--- Provided information ---

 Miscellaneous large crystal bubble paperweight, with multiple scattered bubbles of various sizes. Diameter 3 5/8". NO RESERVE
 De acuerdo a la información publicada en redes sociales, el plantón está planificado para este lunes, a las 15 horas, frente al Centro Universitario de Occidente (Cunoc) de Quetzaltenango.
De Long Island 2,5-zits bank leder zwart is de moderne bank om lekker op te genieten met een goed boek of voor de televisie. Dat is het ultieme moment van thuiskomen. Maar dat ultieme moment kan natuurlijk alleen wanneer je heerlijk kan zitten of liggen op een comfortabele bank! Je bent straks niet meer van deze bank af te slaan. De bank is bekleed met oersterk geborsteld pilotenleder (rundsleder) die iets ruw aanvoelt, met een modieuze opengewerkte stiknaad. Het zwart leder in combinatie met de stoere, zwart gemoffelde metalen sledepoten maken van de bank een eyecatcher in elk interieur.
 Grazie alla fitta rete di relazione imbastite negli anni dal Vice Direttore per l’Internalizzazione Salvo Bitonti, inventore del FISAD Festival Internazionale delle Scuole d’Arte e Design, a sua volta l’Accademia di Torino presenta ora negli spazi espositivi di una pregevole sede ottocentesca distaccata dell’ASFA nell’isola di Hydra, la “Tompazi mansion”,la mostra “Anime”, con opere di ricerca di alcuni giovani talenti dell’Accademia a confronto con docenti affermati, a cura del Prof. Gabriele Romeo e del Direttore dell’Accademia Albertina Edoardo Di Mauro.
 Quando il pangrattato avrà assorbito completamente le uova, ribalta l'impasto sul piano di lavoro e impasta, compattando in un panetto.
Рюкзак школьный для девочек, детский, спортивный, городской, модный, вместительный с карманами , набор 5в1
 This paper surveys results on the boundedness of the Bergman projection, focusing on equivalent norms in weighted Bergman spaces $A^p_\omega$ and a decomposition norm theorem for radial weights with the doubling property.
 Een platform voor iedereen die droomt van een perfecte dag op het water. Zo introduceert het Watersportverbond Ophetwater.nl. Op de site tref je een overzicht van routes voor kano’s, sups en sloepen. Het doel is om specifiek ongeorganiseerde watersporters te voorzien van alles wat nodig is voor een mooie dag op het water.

---

**Assignment**
Give again exactly, and only, the lines above starting at the one with "De Long Island" and ending at the one with "Рюкзак школьный для".

**Exercise answer**
De Long Island 2,5-zits bank leder zwart is de moderne bank om lekker op te genieten met een goed boek of voor de televisie. Dat is het ultieme moment van thuiskomen. Maar dat ultieme moment kan natuurlijk alleen wanneer je heerlijk kan zitten of liggen op een comfortabele bank! Je bent straks niet meer van deze bank af te slaan. De bank is bekleed met oersterk geborsteld pilotenleder (rundsleder) die iets ruw aanvoelt, met een modieuze opengewerkte stiknaad. Het zwart leder in combinatie met de stoere, zwart gemoffelde metalen sledepoten maken van de bank een eyecatcher in elk interieur.
 Grazie alla fitta rete di relazione imbastite negli anni dal Vice Direttore per l’Internalizzazione Salvo Bitonti, inventore del FISAD Festival Internazionale delle Scuole d’Arte e Design, a sua volta l’Accademia di Torino presenta ora negli spazi espositivi di una pregevole sede ottocentesca distaccata dell’ASFA nell’isola di Hydra, la “Tompazi mansion”,la mostra “Anime”, con opere di ricerca di alcuni giovani talenti dell’Accademia a confronto con docenti affermati, a cura del Prof. Gabriele Romeo e del Direttore dell’Accademia Albertina Edoardo Di Mauro.
 Quando il pangrattato avrà assorbito completamente le uova, ribalta l'impasto sul piano di lavoro e impasta, compattando in un panetto.
Рюкзак школьный для девочек, детский, спортивный, городской, модный, вместительный с карманами , набор 5в1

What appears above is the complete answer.